Manusia memang dianugrahi rasa
ingin tahu. Beberapa memilikinya dengan
kadar keingintahuan yang tinggi, beberapa tidak. Itulah kenapa kemudian muncul
para filsuf dan beberapa ilmu yang terus berkembang dan menguntungkan manusia dalam menjalankan kehidupan. Tetapi tidak semua orang menggunakan “keingintahuan”
mereka pada tempatnya. Dan malah merugikan banyak pihak. Dalam hal ini akan
wara batasi konteksnya “KEBAKARAN”.
Haduuuu, susah sekali. Kalau tidak
dibatasi seperti ini ketikan wara akan menjadi panjang terbang kemana-mana. Ini
aja udah banyak hal yang muncul di kepala wara. Ayooo lah wara “FOKUS”.!!! Dan ini
menjadi salah satu faktor kenapa terkadang wara menjadi lalai dan skripsi
terbengkalai. Otak Wara mulai mengaitkan banyak hal. Hal, per hal, hal demi
hal. Oke, sudah??? Back to our topic.
Ini yang membuat Wara prihatin.
Kebakaran terjadi, Oke. Ngga papa *eh. Maksud Wara jika memang takdirnya, yasudah, apa mau dikata. Sebelum sang pemadam
datang. Biarlah, biarlah warga bekerja sama, bahu membahu membantu. Menyiram,
memadamkan dengan kemampuan yang mereka miliki. Wajar, itulah pertolongan
pertama yang harus dilakukan sebelum api memakan yang lain, sebelum api berubah
menjadi monster yang mengganas. Namun, jika warga tak mampu, mereka hanya tahu
api sudah marah kingkong, mengganas, menggila. Cukup tunggu sang pemadam tiba.

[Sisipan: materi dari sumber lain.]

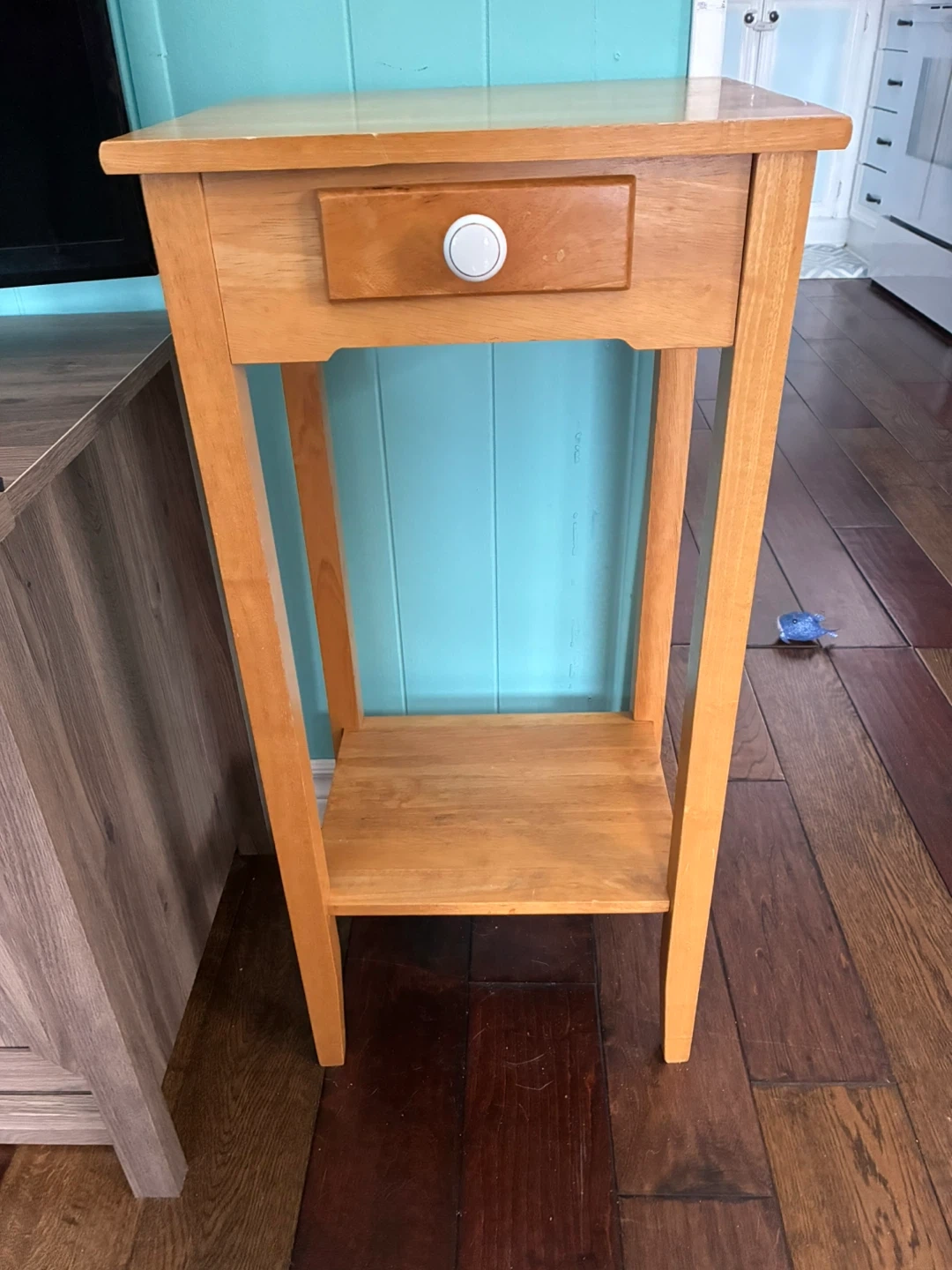 A cute little wooden side table with a handy drawer and a shelf at the bottom. It's perfect for a small space or as a bedside table. The drawer has a white knob. It's in good condition and ready to add some charm to your home!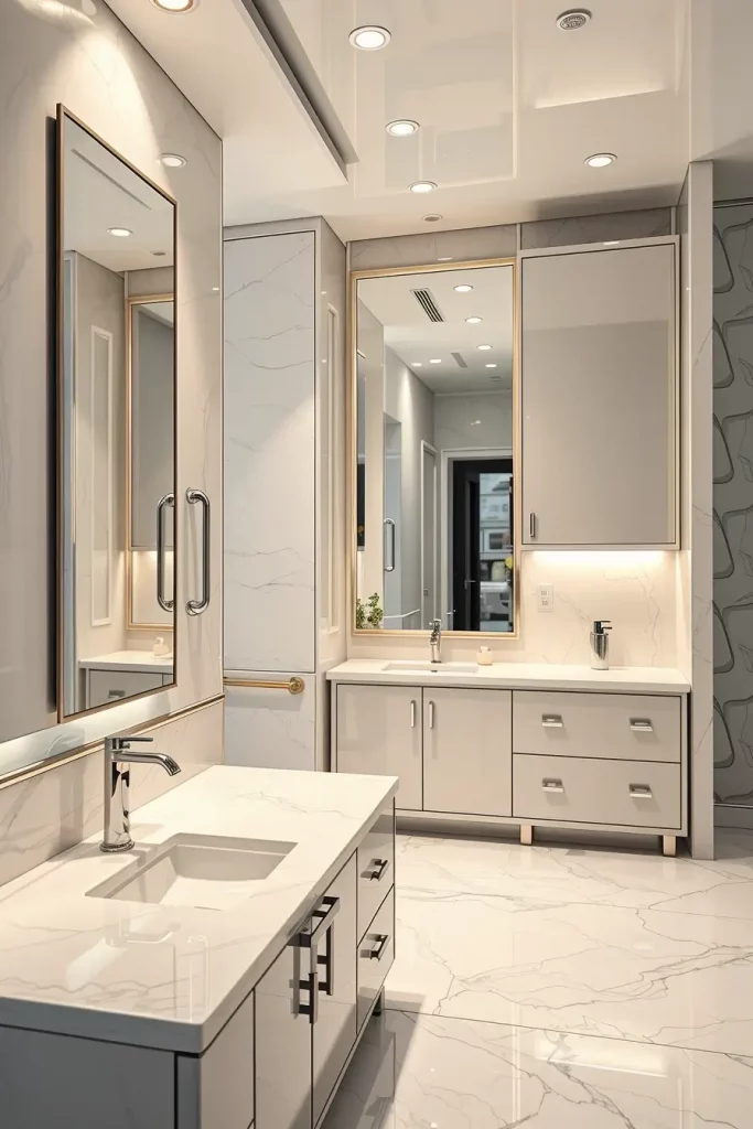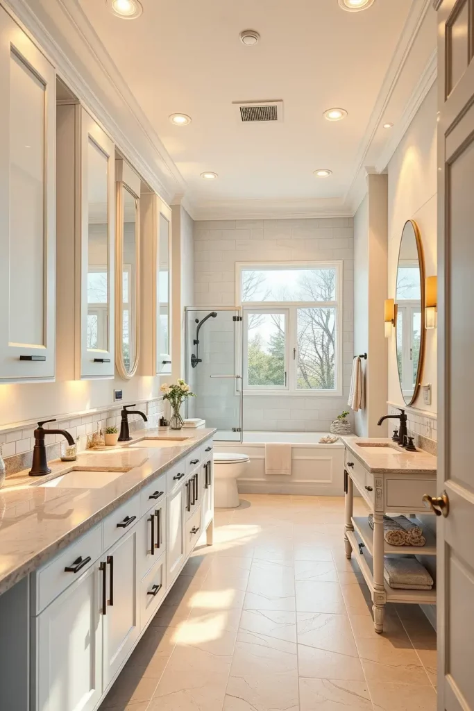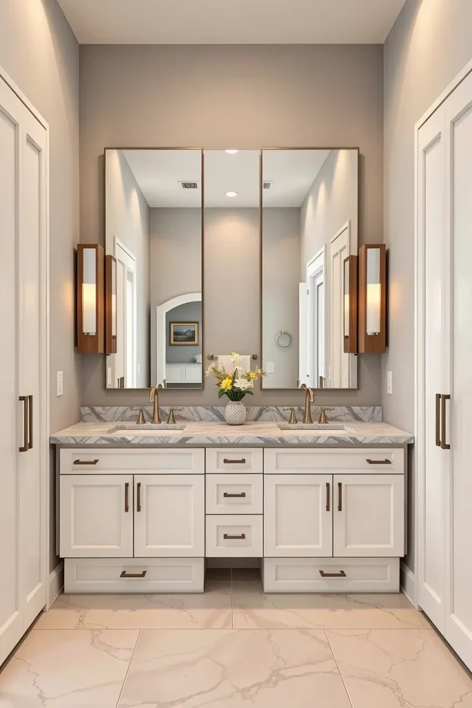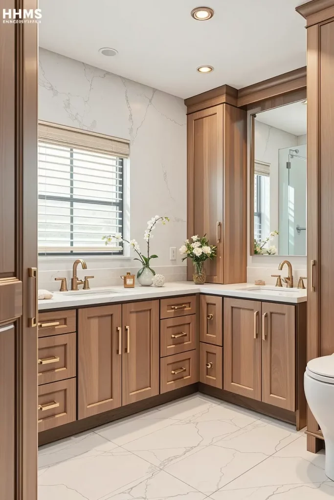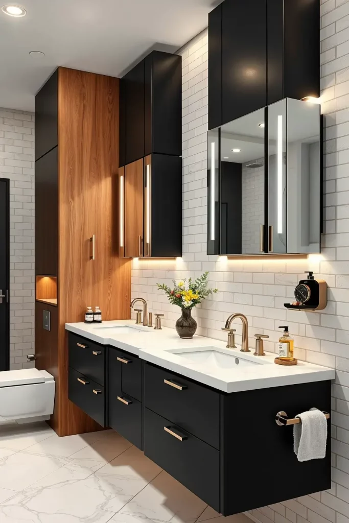 A double sink cabinetry generally consists of wide vanities with distinct storage areas, inbuilt drawer shelves, and huge mirrors that extend through the full width of the vanity. I usually tend to add tall side cabinets or built-in shelves to accommodate the other storage requirements. The consistency of the shared space is ensured by matching fixtures, harmonious finishes, and coordinated lighting.

Tak usah lah berbondong-bondong mengantri, berebut menonton sang api. Itu
sangat menyusahkan. Apa lagi bagi para petugas pemadam kebakaran yang akan
beroperasi. Apa mereka tak bisa mengerti? Bermacam orang datang dari berbagai
kecamatan. Nun yang jauh dari pusat kota pun datang hendak mengamati. Menonton
secara langsung apa yang terjadi. Sebegitu ingin tahukah???

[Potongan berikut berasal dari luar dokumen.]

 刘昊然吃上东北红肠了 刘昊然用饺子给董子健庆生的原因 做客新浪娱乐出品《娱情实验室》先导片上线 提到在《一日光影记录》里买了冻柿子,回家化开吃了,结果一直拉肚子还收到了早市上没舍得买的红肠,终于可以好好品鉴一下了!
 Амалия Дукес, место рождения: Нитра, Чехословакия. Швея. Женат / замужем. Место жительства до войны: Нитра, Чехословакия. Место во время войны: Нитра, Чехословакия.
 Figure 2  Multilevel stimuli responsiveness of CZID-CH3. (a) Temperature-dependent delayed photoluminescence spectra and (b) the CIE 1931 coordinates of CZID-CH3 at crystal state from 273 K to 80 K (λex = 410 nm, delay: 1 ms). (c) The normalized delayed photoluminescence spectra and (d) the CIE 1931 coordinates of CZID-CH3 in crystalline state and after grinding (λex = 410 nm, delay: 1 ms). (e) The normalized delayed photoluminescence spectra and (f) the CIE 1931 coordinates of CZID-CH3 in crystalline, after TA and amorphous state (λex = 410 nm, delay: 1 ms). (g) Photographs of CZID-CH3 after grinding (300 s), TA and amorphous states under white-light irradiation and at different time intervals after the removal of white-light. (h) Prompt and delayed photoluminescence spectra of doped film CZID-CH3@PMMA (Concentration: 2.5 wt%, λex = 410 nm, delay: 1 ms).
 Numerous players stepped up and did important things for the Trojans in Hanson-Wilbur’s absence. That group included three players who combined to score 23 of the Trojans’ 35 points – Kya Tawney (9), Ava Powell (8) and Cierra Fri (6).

Hoalah,,, solusinya apa??? Mereka
harusnya sadar diri. Salah-salah, apinya bisa semakin besar karena sang ahli
tak bisa masuk memadamkan. Apakah masyarakat kita senorak itu??? Hayoolaaahh..
tak bisakah kalian berfikir. Sejernih yang kalian bisa fikirkan???

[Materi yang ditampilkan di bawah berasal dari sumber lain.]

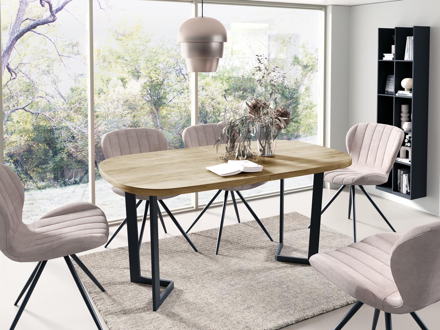 Jeśli szukasz stołu, który łączy nowoczesność, wygodę i ponadczasową prostotę — PADME będzie idealnym wyborem. Dzięki owalnemu kształtowi, stabilnej stalowej podstawie i praktycznej funkcji rozkładania doskonale sprawdzi się zarówno w codziennym funkcjonowaniu, jak i podczas rodzinnych spotkań. Jego industrialny charakter nada wnętrzu wyrazistości, a wysoka jakość wykonania zapewnia trwałość na lata.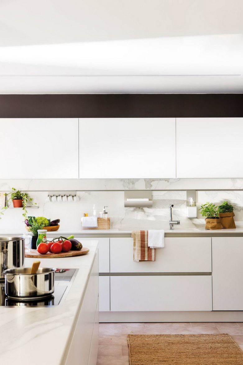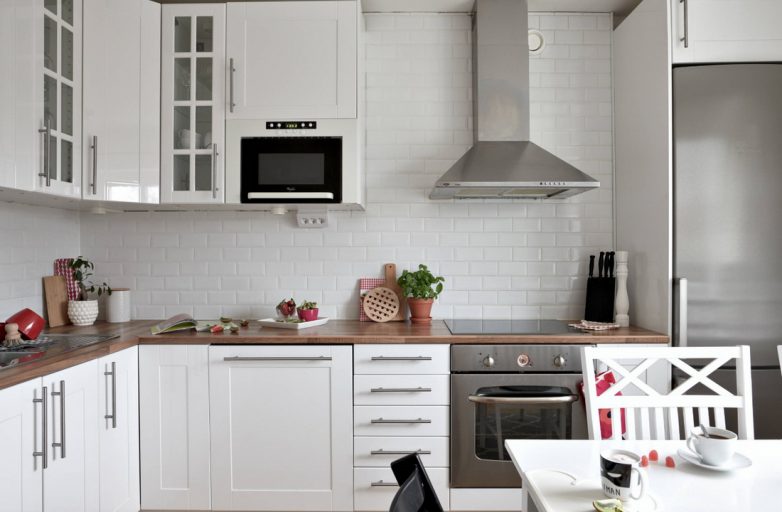 Если вы на даче проводите много времени, то, как правило, здесь используется большое количество посуды. Чтобы спрятать кастрюли, сковородки и другие кухонные девайсы, предусмотрите вместительные навесные и напольные кухонные шкафы.
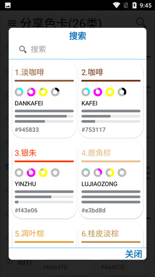 5、拥有清晰的颜色搭配标准信息,所有颜色旁边还展示了几种主要颜色的组成和分量;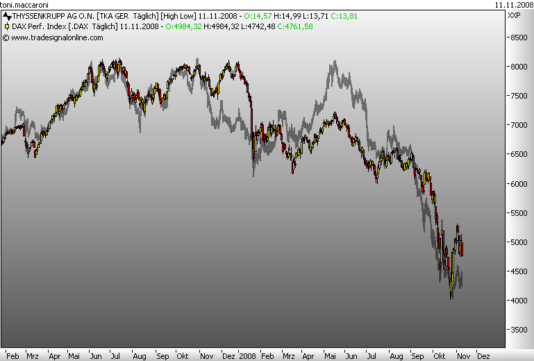 Auch wenn ich von der Börse nicht viel verstehe,dafür mehr von Poker so würde ich mich freuen wenn die Aktie weiter in den Keller rutscht.Denn dann ist eins sicher:mein ganzes Geld welches ich bei TKS bekomme stecke ich in die Firma wieder rein!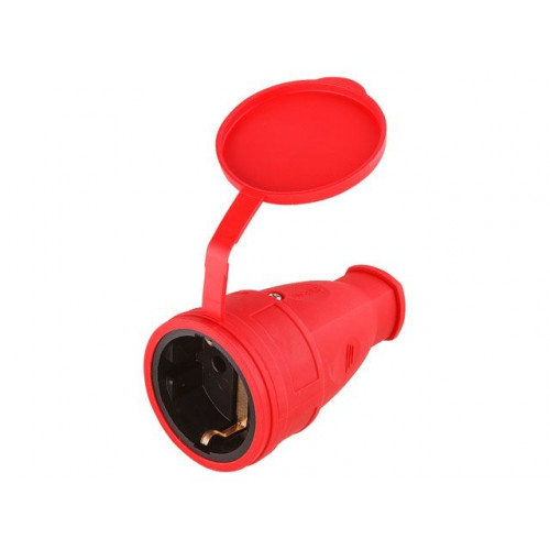 Розетка 1-ая переносная (с/з, 16А, 250В, брызг. защ.) каучук, красная Юпитер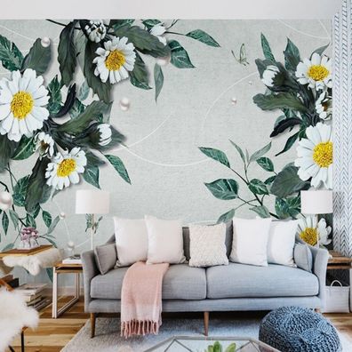 • Premium 3D Wandtapete Blumen Handgemalt Wandbild Modern Interior 10324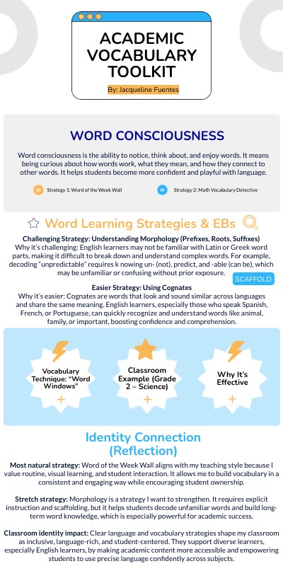 Most natural strategy: Word of the Week Wall aligns with my teaching style because I value routine, visual learning, and student interaction. It allows me to build vocabulary in a consistent and engaging way while encouraging student ownership. Stretch strategy: Morphology is a strategy I want to strengthen. It requires explicit instruction and scaffolding, but it helps students decode unfamiliar words and build long-term word knowledge, which is especially powerful for academic success. Classroom identity impact: Clear language and vocabulary strategies shape my classroom as inclusive, language-rich, and student-centered. They support diverse learners, especially English learners, by making academic content more accessible and empowering students to use precise language confidently across subjects.

Miris sekali melihatnya. Dengan
bangga kemudian memosting postingan “Dihardik petugas” -_-. Dimana raso jo
pareso itu letaknya??? Ya Ampuunnn...
Ini lagi, budaya mengajak. “Ada
kebakaran woy.!!! Kita liat nyok”. “Pasa tabaka wak caliak lah, capek lah”.
Gunanya apa??? Yang ada malah membuat jalan semakin rame.
Kenapa??? Bakar saja pasarnya, biar
rame. Iya??? Gilakk aja. Pasar itu sudah rame cuuuyyy...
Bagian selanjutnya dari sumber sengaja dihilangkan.